DSI Distinguished Lecture: Han Liu, Princeton University
Hariri Institute for Computing
111 Cummington Mall, Seminar Room
Monday, January 30, 2017
3:00-4:00pm (reception to follow)
Title: Combinatorial Inference
Speaker: Han Liu
Assistant Professor
Dept. of Operations Research & Financial Engineering
Princeton University
Abstract:
We propose a new family of combinatorial inference problems for graphical models. Unlike classical statistical inference where the main interest is point estimation or parameter testing of Euclidean parameters, combinatorial inference aims at testing the global structure of the underlying graph. Examples include testing the graph connectivity, the presence of a cycle of certain size, or the maximum degree of the graph. To begin with, we develop a unified theory for the fundamental limits of a large family of combinatorial inference problems. We propose new structural packing entropies to characterize how the complexity of combinatorial graph structures impacts the corresponding minimax lower bounds. On the other hand, we propose a family of practical structural testing algorithms to match the obtained lower bounds. We use a case study of brain network analysis to illustrate the usefulness of these proposed methods.
Brief Bio:
Han Liu is an Assistant Professor in the Department of Operations Research and Financial Engineering at Princeton University, where he leads the Statistical Machine Learning (SMiLe) Laboratory. He received the joint PhD in Statistics and Machine Learning from the Machine Learning Department at the Carnegie Mellon University (under the co-supervision of Larry Wasserman and John Lafferty).
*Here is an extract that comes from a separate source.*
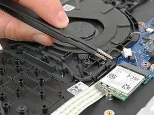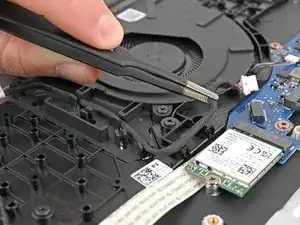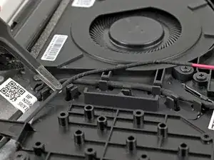 Используйте пинцет, лопаточку или пальцы, чтобы вытащить антенну беспроводной сети из фиксирующих держателей рядом с вентилятором.

He has broad research interests, ranging from modern data science to artificial general intelligence. Specifically, his theoretical research includes combinatorial inference, statistical optimization, and computational lower bounds. His applied research includes brain science, genomics, and computational finance. Han Liu is the recipient of many prestigious research awards including the Tweedie New Researcher Award (from the Institute of Mathematical Statistics), the Noether Young Scholar Award (from the American Statistical Association), the NSF CAREER Award (from the Division of Mathematical Sciences), and the Howard B Wentz Award (from Princeton SEAS), and has received numerous best paper awards including the Best Paper Prize in Continuous Optimization in the 5th ICCOPT and the Best Overall Paper Award honorable mention in the 26th ICML. He was also invited as a keynote speaker in the 2016 INFORMS Optimization Society Conference.
About the DSI Distinguished Lecture Series:
Launched as part of the Data Science Initiative at the Hariri Institute for Computing, the Distinguished Lecture Series brings prominent scholars to Boston University to share their experiences and perspectives on data science as it is manifested through or enabled by their research. Lectures in this series should be of interest to a broad audience as they are meant to promote the exciting advances in the methodologies that enable big-data-driven research in a multitude of disciplines.